● Input:
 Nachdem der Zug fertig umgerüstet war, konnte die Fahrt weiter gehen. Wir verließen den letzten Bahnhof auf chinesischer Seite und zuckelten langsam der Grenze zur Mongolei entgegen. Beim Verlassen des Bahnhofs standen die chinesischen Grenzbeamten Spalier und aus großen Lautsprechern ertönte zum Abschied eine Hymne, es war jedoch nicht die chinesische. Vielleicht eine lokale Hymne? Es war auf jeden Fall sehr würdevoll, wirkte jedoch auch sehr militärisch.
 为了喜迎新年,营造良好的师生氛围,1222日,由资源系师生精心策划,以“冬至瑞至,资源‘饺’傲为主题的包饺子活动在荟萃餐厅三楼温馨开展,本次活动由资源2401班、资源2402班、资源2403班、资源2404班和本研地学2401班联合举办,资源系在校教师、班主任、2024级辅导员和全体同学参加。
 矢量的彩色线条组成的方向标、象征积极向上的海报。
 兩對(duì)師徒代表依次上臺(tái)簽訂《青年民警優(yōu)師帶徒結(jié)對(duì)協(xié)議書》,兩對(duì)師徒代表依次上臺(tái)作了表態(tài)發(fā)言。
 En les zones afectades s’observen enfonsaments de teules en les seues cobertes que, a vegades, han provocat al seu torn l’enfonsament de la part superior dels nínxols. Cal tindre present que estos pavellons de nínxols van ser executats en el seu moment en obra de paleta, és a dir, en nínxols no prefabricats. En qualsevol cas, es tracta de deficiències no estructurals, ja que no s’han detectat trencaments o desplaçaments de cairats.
...
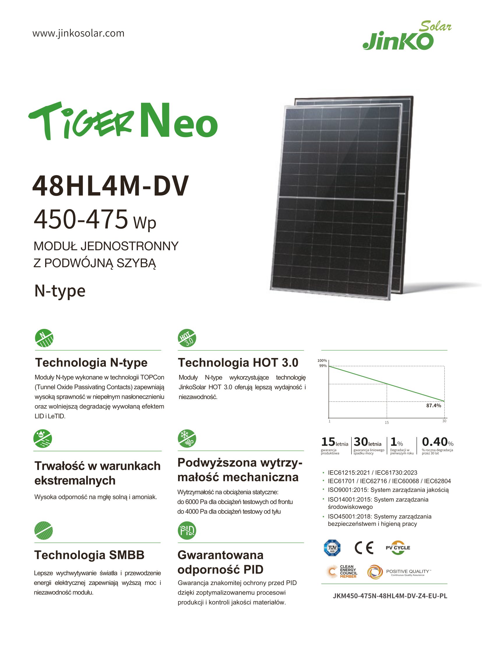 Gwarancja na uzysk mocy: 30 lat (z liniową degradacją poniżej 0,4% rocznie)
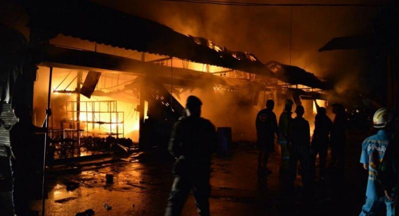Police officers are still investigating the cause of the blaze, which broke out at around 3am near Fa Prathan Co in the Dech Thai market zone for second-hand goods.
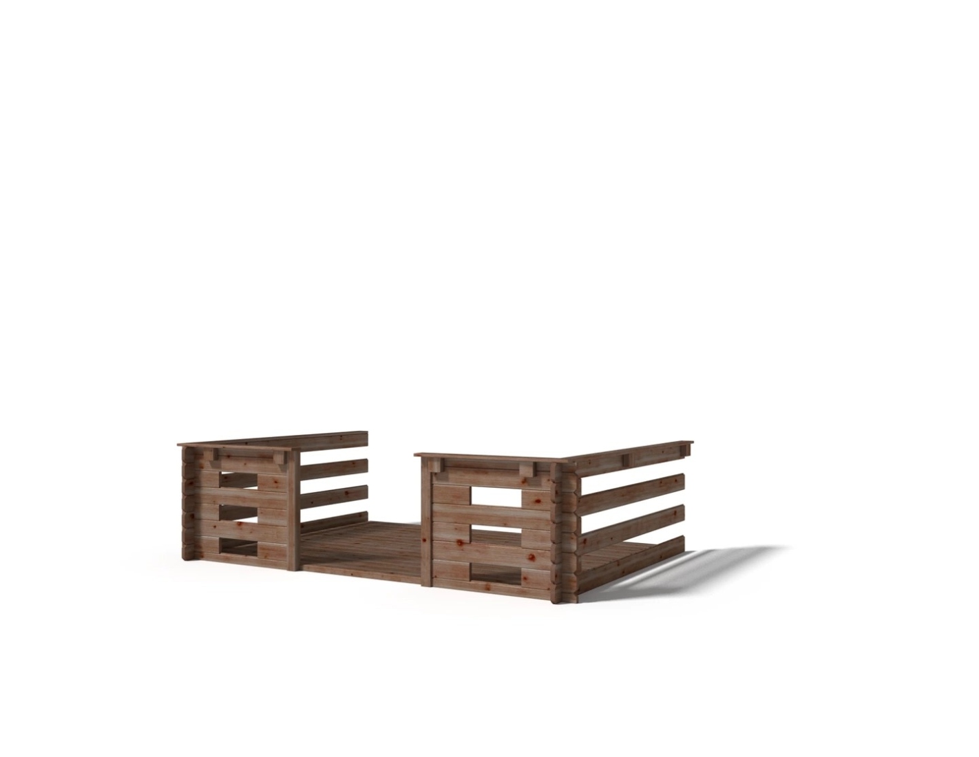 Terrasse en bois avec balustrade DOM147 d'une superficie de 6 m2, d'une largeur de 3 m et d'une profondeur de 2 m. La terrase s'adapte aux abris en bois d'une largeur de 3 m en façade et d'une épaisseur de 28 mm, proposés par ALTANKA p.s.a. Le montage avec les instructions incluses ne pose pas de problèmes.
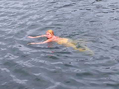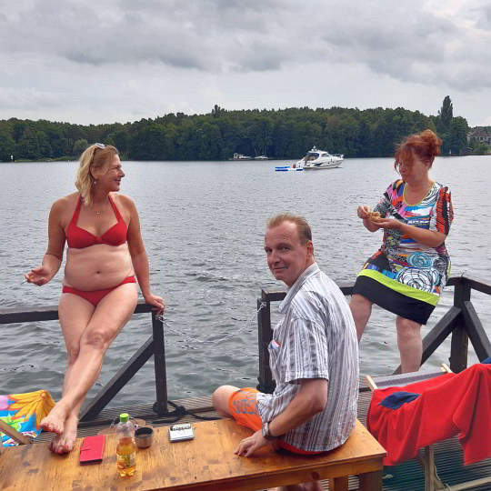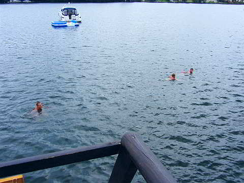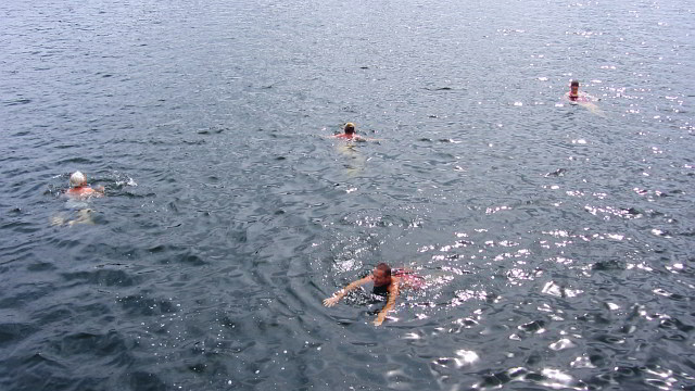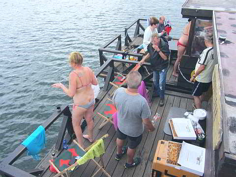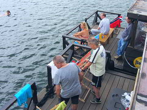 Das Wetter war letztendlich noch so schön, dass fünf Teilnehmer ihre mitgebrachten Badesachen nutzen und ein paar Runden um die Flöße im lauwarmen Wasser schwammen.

● Exercise: Out of the data above, give again only the lines starting at the one holding "Nachdem der Zug" and ending at the one holding "En les zones", unchanged.

● Answer box:
 Nachdem der Zug fertig umgerüstet war, konnte die Fahrt weiter gehen. Wir verließen den letzten Bahnhof auf chinesischer Seite und zuckelten langsam der Grenze zur Mongolei entgegen. Beim Verlassen des Bahnhofs standen die chinesischen Grenzbeamten Spalier und aus großen Lautsprechern ertönte zum Abschied eine Hymne, es war jedoch nicht die chinesische. Vielleicht eine lokale Hymne? Es war auf jeden Fall sehr würdevoll, wirkte jedoch auch sehr militärisch.
 为了喜迎新年,营造良好的师生氛围,1222日,由资源系师生精心策划,以“冬至瑞至,资源‘饺’傲为主题的包饺子活动在荟萃餐厅三楼温馨开展,本次活动由资源2401班、资源2402班、资源2403班、资源2404班和本研地学2401班联合举办,资源系在校教师、班主任、2024级辅导员和全体同学参加。
 矢量的彩色线条组成的方向标、象征积极向上的海报。
 兩對(duì)師徒代表依次上臺(tái)簽訂《青年民警優(yōu)師帶徒結(jié)對(duì)協(xié)議書》,兩對(duì)師徒代表依次上臺(tái)作了表態(tài)發(fā)言。
 En les zones afectades s’observen enfonsaments de teules en les seues cobertes que, a vegades, han provocat al seu torn l’enfonsament de la part superior dels nínxols. Cal tindre present que estos pavellons de nínxols van ser executats en el seu moment en obra de paleta, és a dir, en nínxols no prefabricats. En qualsevol cas, es tracta de deficiències no estructurals, ja que no s’han detectat trencaments o desplaçaments de cairats.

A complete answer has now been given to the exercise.